The largest tank battle of WW2 is largely unknown, but it took place in western Ukraine in the triangle between the cities of Dubno, Lutsk, and Brody. Known as the Battle of Brody, it started June 23, 1941, the following day after Nazi Germany invaded the USSR, and was mostly an attempt to stop the 1st Panzer Group’s advance toward Kyiv. Surprisingly, the balance of tanks at the beginning of the battle was at least 3 to 1 in favor of the USSR (3429 vs. 729 tanks per Wikipedia), but there is yet another shocking fact: “What’s all the more remarkable is that the Soviet corps had considerable numbers of heavier KV and T-34 tanks, tougher than the German army’s best tanks at the time. The Soviet 10th Tank Division of the 15th Mechanized Corps alone had 63 KVs and 38 T-34s,” – wrote an American military historian David Glantz. What was so special about the Soviet tanks just mentioned? The KV tank was a real monster that weighed close to 50 tons; it was impervious to most anti-tank guns and could knock out any German tank in service at the time. There is an account of German General Erhardt Raus, commander of the Kampfgruppe of the 6th Panzer Division that was breaking through the Soviet defenses in Lithuania. According to Raus, in the Battle of Raseiniai which took place simultaneously with the Battle of Brody, his whole unit was delayed by a single KV-1 tank. The tank was hit by four 50 mm anti-tank guns of the anti-tank battalion of the 6th Panzer Division but returned fire, disabling all four guns. It was also hit by a heavy 8.8 cm gun of the German division’s anti-aircraft battalion from about 730 m behind the KV but the tank gunner knocked out the 8.8 cm gun almost instantly as well. It was only on the morning of 25 June, German tanks fired several shots at the KV and two shots penetrated the tank. Still, the KV stayed operational until German infantry managed to approach it and throw grenades into the tank’s hatches.
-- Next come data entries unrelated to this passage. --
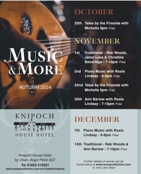 Get your toes tapping with traditional music at Knipoch House Hotel.
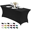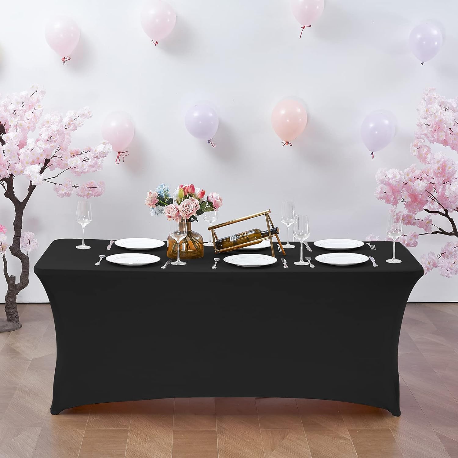 CWK 6FT Waterproof Stretch Spandex Table Cover for Rectangular Tables - Elastic Fitted Tablecloth for Folding Tables,Wrinkle Resistant Table Cloth for Parties, Weddings, Banquets & Events (Black)
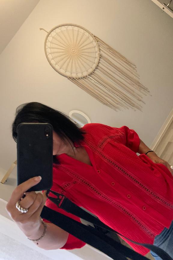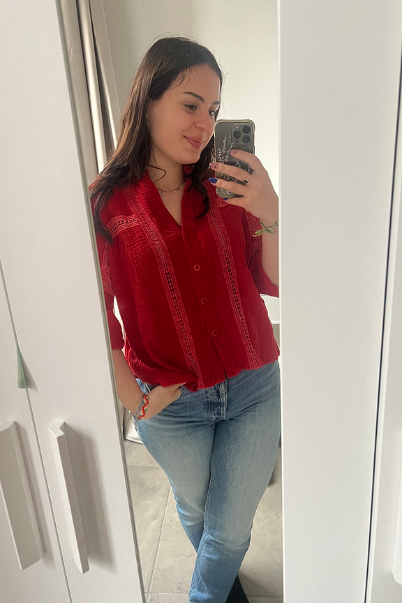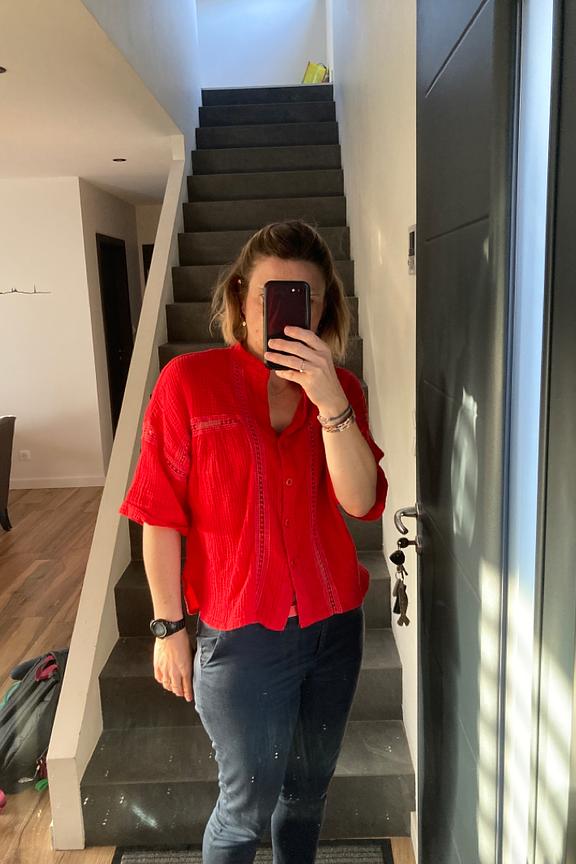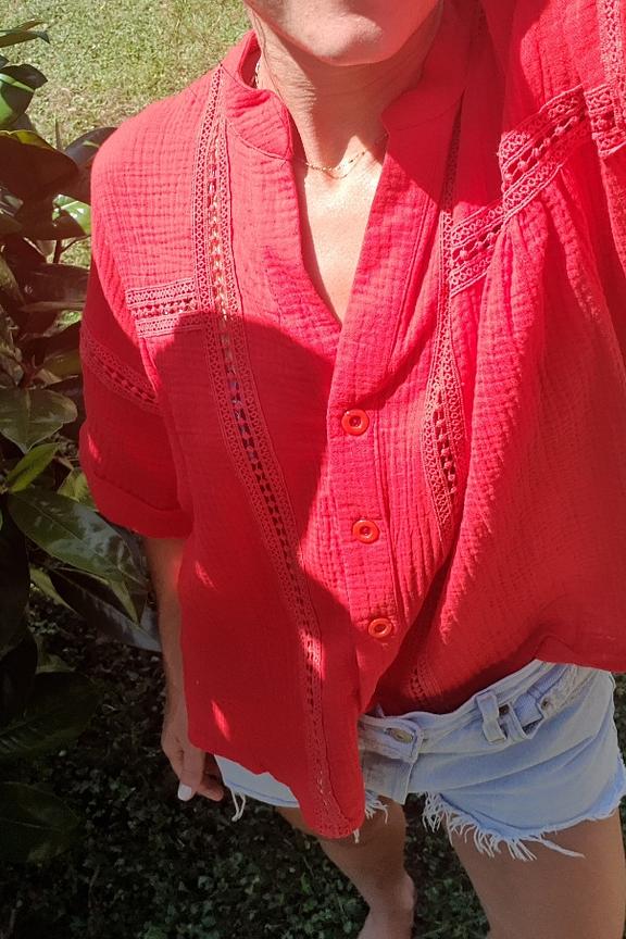 โข Blouse Sorente โข Col chemise โข Dรฉtails effet dentelle โข Manches 3/4 โข Fermeture ร boutons
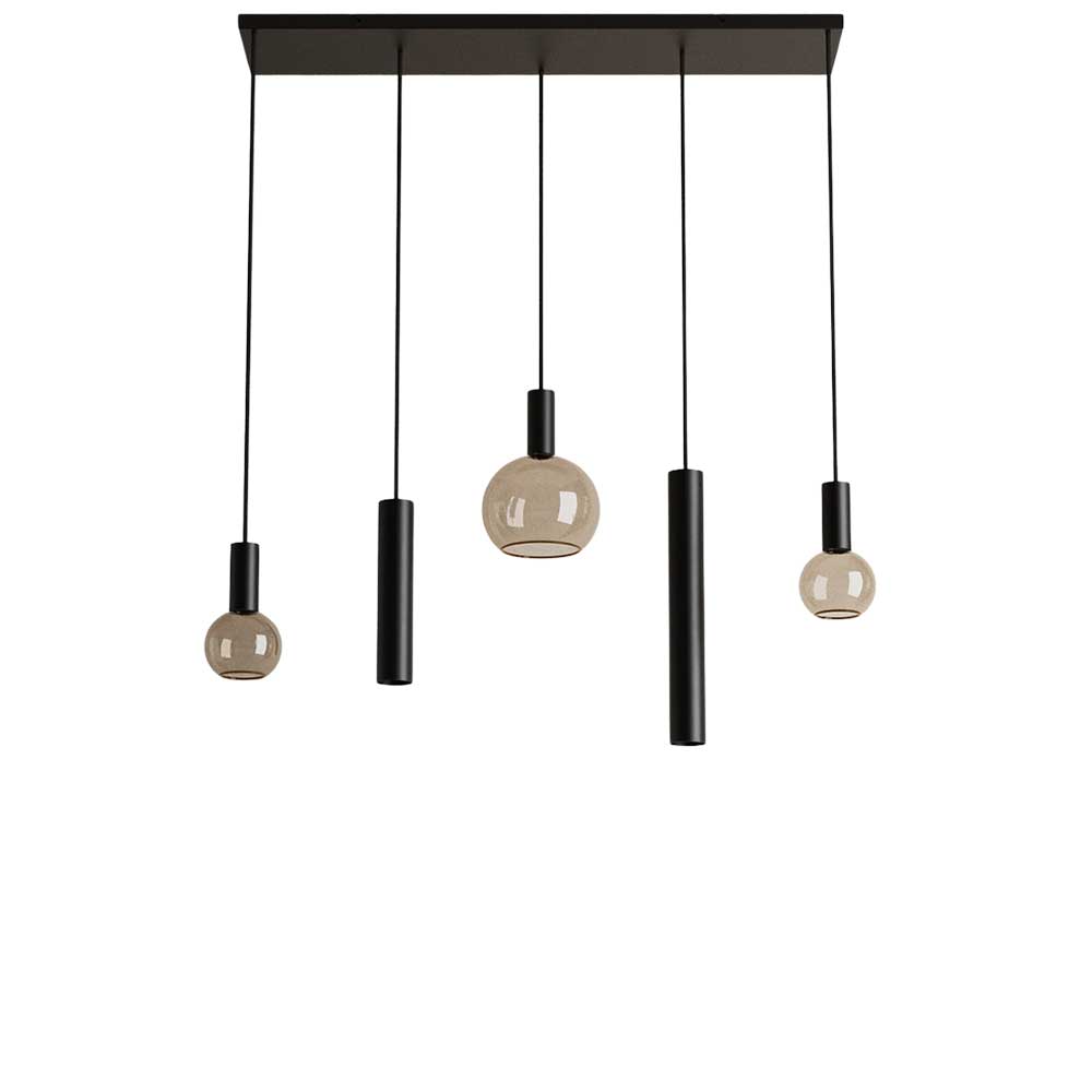 Let op: de prijs van deze hanglamp is exclusief glazen kappen, zodat je de lamp volledig naar wens kunt samenstellen. meerprijs €225

As for T-34, there is only one fact that needs to be mentioned here – the most-produced tank of WW2 was designed at the Kharkiv Lokomotiv Plant in Ukraine in 1937. It was only 4 years after the Holodomor of 1932-1933. Dr. Lemkin, who coined the very term “Genocide” wrote that “the crop that year [1932] was ample to feed the people and livestock of Ukraine, though it had fallen off somewhat from the previous year, a decrease probably due in large measure to the struggle over collectivization. But a famine was necessary for the Soviets and so they got one to order, by plan, through an unusually high grain allotment to the state as taxes.”
There is very little doubt that the “unusually high grain allotments” were sold by Moscow abroad and the revenue was used to start building the military equipment including the above-mentioned tanks. In short, Moscow exchanged millions of the Ukrainian lives to build a military machine.
One can try and guess what was the purpose of that military machine by reading about what the strongest Soviet invasion army was doing in 1940-1941 in the area where the Battle of Brody would take place.
By June 29, 1941, as the advancing German tanks encircled and annihilated the Soviet units, with others falling back, “the battles the Soviets were still waging elsewhere were now battles more for survival than anything else,” Glantz wrote, “because at this point the Soviets began running out of fuel and ammunition.”
The Battle of Brody concluded on June 30, 1941. In the period of just one week, it became “a confusing morass that swallowed 2,648 Soviet tanks out of a total force of 5,000 versus some 1,000 German tanks”. No wonder Moscow still tries to silence such a fiasco.